Sehr geehrte Damen und Herren der Abteilung Öffentlichkeitsarbeit des Landes Tirol,

das Nachrichtenmagazin profil ist für gründliche Recherchen und faktengetreue Berichterstattung bekannt, auch in der Causa Ischgl. Um unsere Recherchen und die wiederholte Nicht-Beantwortung zentraler Fragen nachvollziehbar zu machen, richten wir unsere offen gebliebenen Fragen zum Krisenmanagement in Ischgl ab dem 5. März in dieser öffentlichen Anfrage an Sie. Es ist korrekt, dass das Gesundheitsministerium am 5. März um 16 Uhr den Erlass zum Kontaktpersonen-Management ergänzte. Ungeachtet dessen war die Ermittlung und Isolierung von Kontaktpersonen der Isländer vom Ministerium auch nach dem 5. März zwingend vorgeschrieben – und zwar auch von solchen Kontaktpersonen, die keine Symptome zeigen. Alle Antworten, die Sie uns zu diesem Thema bislang übermittelt haben, lassen den Schluss zu, dass Sie Kontaktpersonen der infektiösen Isländer nicht wie vorgeschrieben nachverfolgt haben. Um diesen Sachverhalt weiter aufzuklären, dürfen wir Sie um Beantwortung folgender Fragen bitten:

1. Sie wurden am Nachmittag des 5. März in einer Warnung aus Island per Mail darauf aufmerksam gemacht, dass 14 aus Ischgl heimgekehrte Isländer positiv auf Corona getestet wurden – mehrere dieser Isländer waren laut dem Mail bereits infektiös, als sie sich noch in Ischgl aufgehalten haben.
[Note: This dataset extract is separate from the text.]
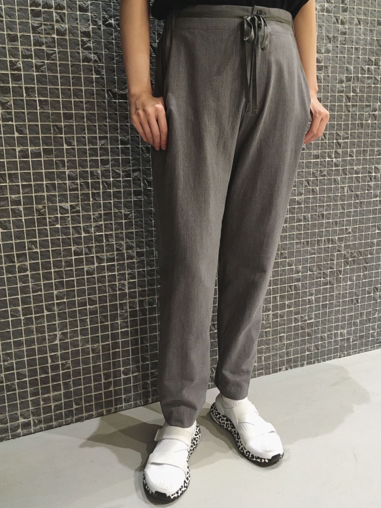 新作のTシャツにスッキリ細めのパンツを合わせたスポーティーなスタイリング。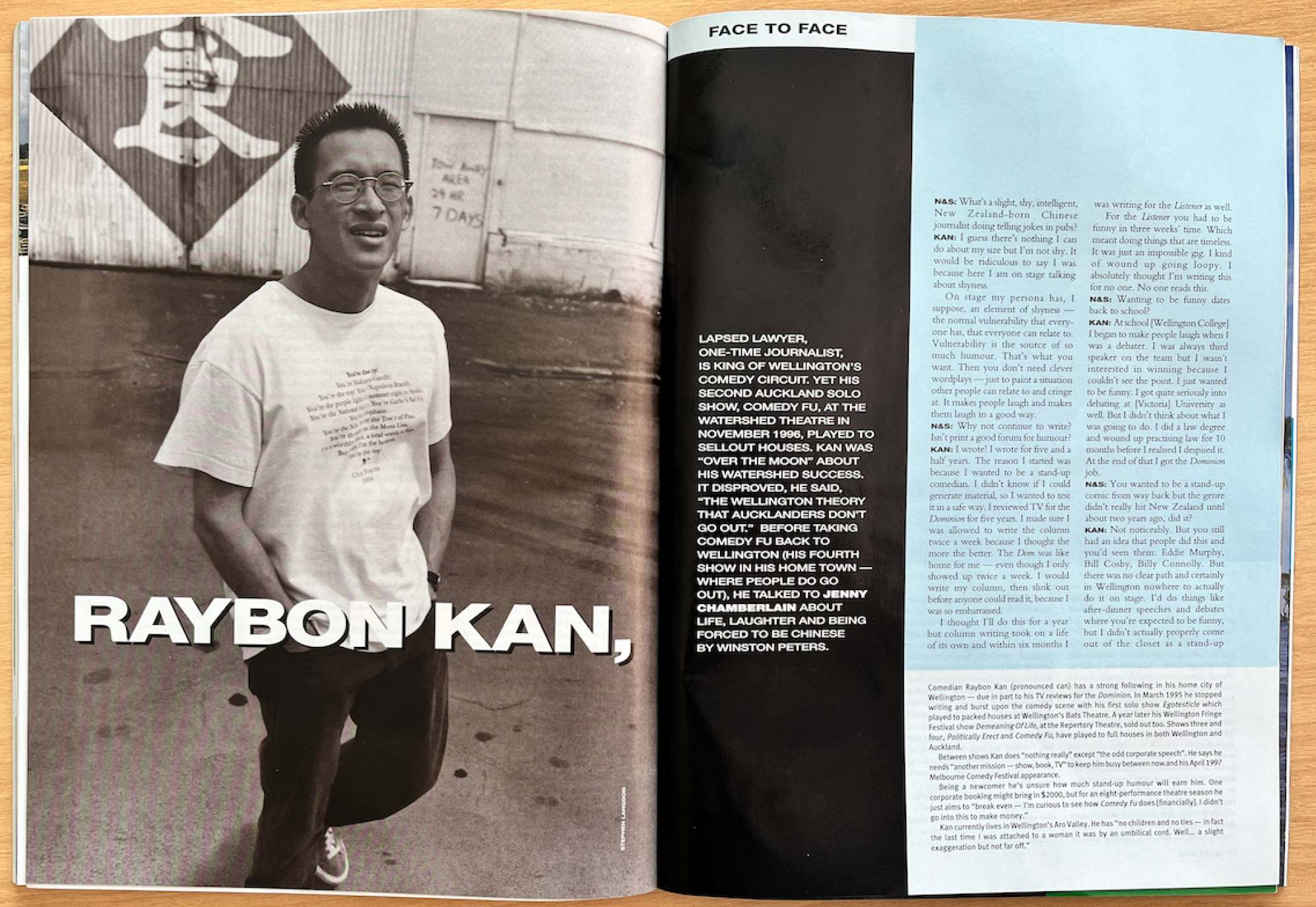 Kan was writing during a period in Aotearoa when there were not yet comedy clubs or a comedy festival — but then “someone had an idea in Wellington to do a comedy night at a bar on a Sunday.” It was 1994. It was a new concept, and they got in touch with Kan to take part. “It didn’t go terribly,” he remembers. “And that was the very first time I did something where it was called ‘comedy’.” In an email exchange, he recalls:

Ein Erlass des Gesundheitsministeriums sieht für diesen Fall zwingend die Nachverfolgung und 14-tägige Isolierung von engen Kontaktpersonen vor – und zwar auch solcher Kontakte, die keine Symptome zeigen. Enge Kontaktpersonen sind laut Erlass-Update vom 5. März beispielsweise auch alle Menschen, die den Infizierten bloß die Hand schüttelten – oder sich 15 Minuten und in einem Abstand von weniger als zwei Meter zu ihnen aufhielten. Daher stellen wir nochmals die – bis heute unbeantwortete – Frage: Wie viele Kontaktpersonen der infektiösen Isländer wurden nach der Warnung aus Island wann ermittelt und wann isoliert? Dass eine Mitarbeiterin mit Symptomen isoliert wurde, wissen wir bereits. Wie viele Kontaktpersonen ohne Symptome wurden zusätzlich isoliert?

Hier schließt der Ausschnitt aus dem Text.